The task =
Look below for the line with "Kvalitní kožené nátepníky", then repeat it and all lines after it, exactly, minus any pictures.

++++ Data extract ++++

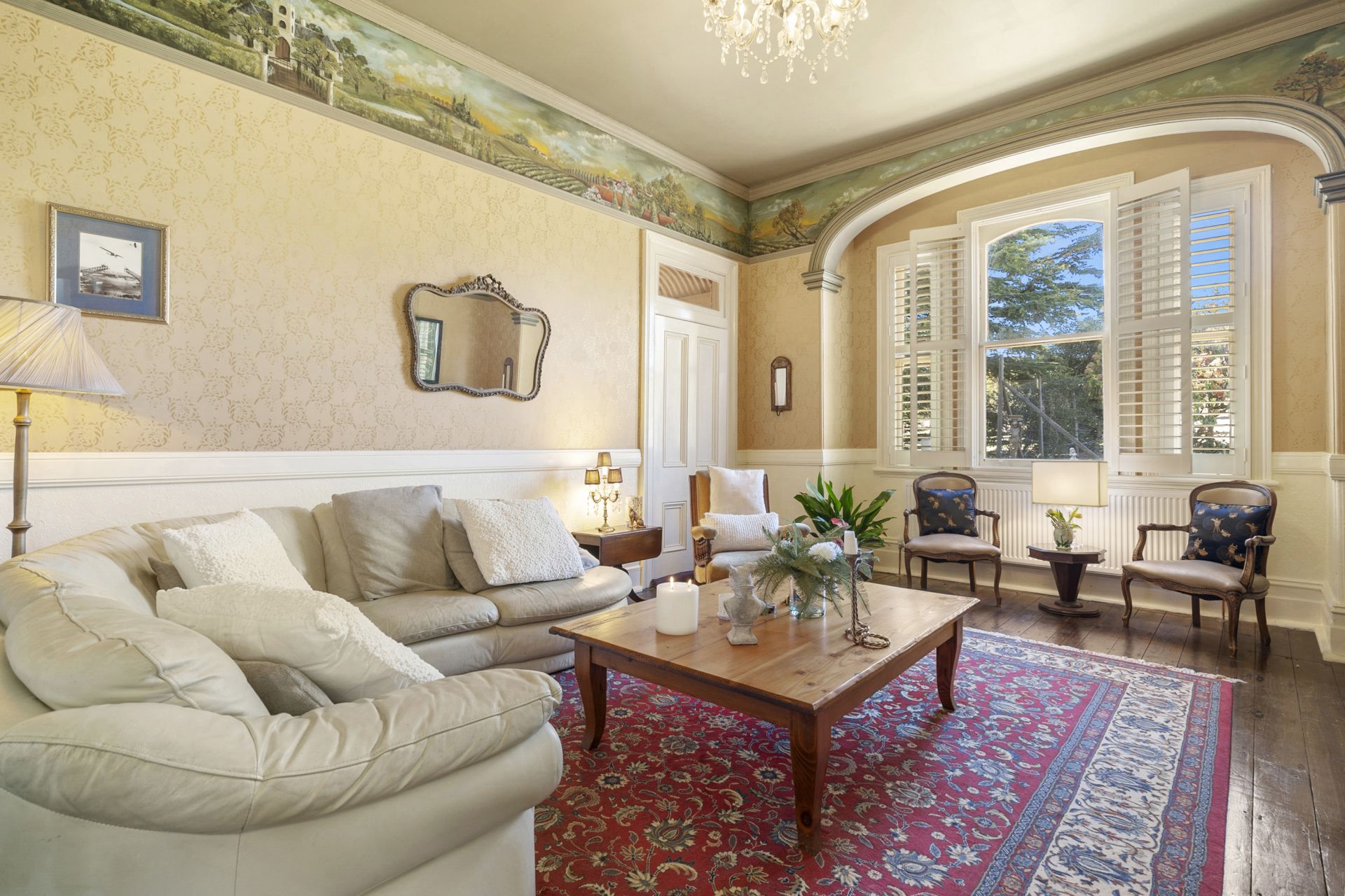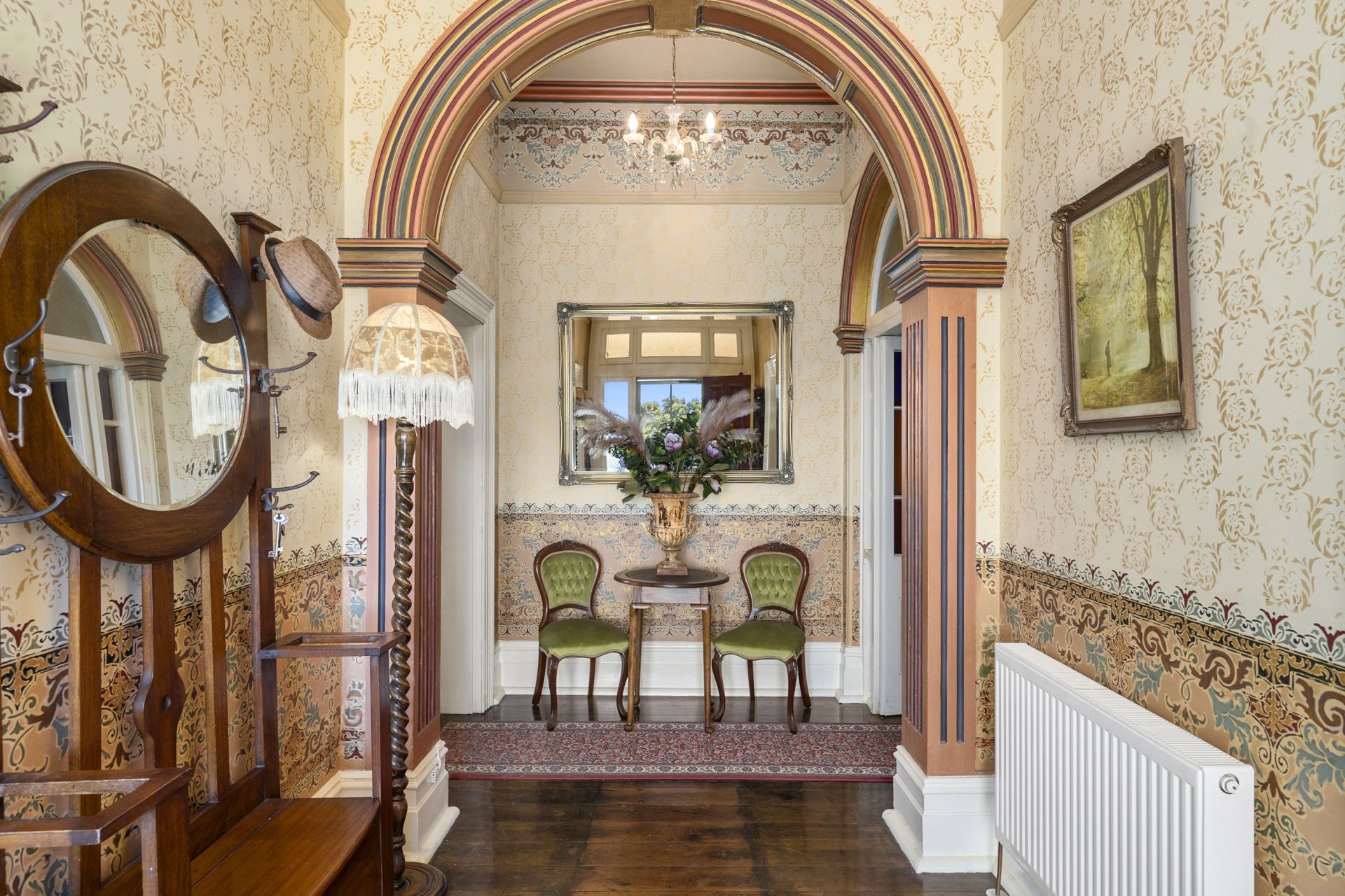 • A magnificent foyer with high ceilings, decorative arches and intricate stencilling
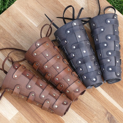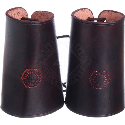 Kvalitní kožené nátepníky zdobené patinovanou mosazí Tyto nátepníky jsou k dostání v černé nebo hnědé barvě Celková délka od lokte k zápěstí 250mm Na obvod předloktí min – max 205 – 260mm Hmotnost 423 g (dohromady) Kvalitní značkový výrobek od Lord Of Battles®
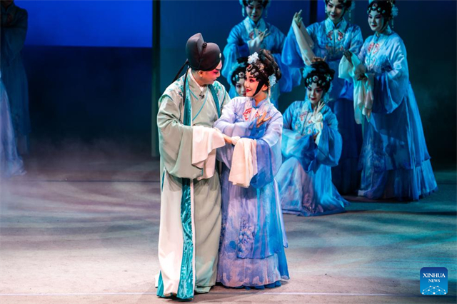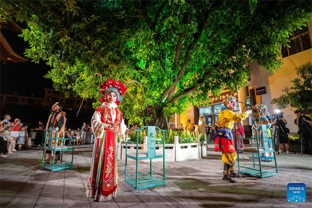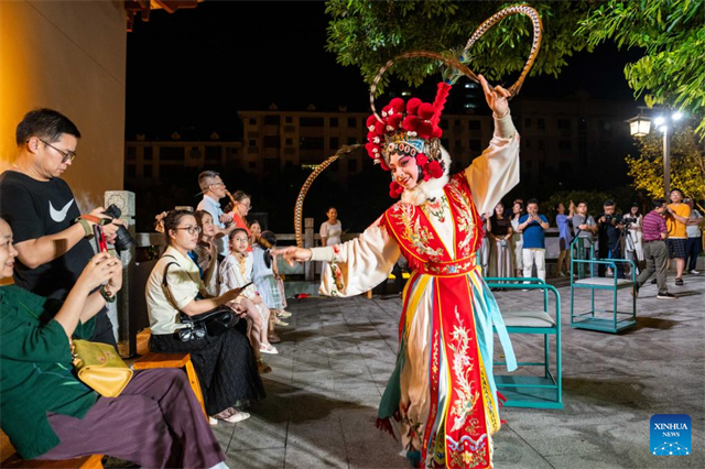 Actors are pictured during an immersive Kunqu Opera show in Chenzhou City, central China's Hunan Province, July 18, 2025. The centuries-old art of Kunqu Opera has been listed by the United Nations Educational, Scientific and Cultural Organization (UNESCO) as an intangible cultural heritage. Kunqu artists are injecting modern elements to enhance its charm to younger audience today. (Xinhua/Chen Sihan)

++++

Output for this task =
 Kvalitní kožené nátepníky zdobené patinovanou mosazí Tyto nátepníky jsou k dostání v černé nebo hnědé barvě Celková délka od lokte k zápěstí 250mm Na obvod předloktí min – max 205 – 260mm Hmotnost 423 g (dohromady) Kvalitní značkový výrobek od Lord Of Battles®
 Actors are pictured during an immersive Kunqu Opera show in Chenzhou City, central China's Hunan Province, July 18, 2025. The centuries-old art of Kunqu Opera has been listed by the United Nations Educational, Scientific and Cultural Organization (UNESCO) as an intangible cultural heritage. Kunqu artists are injecting modern elements to enhance its charm to younger audience today. (Xinhua/Chen Sihan)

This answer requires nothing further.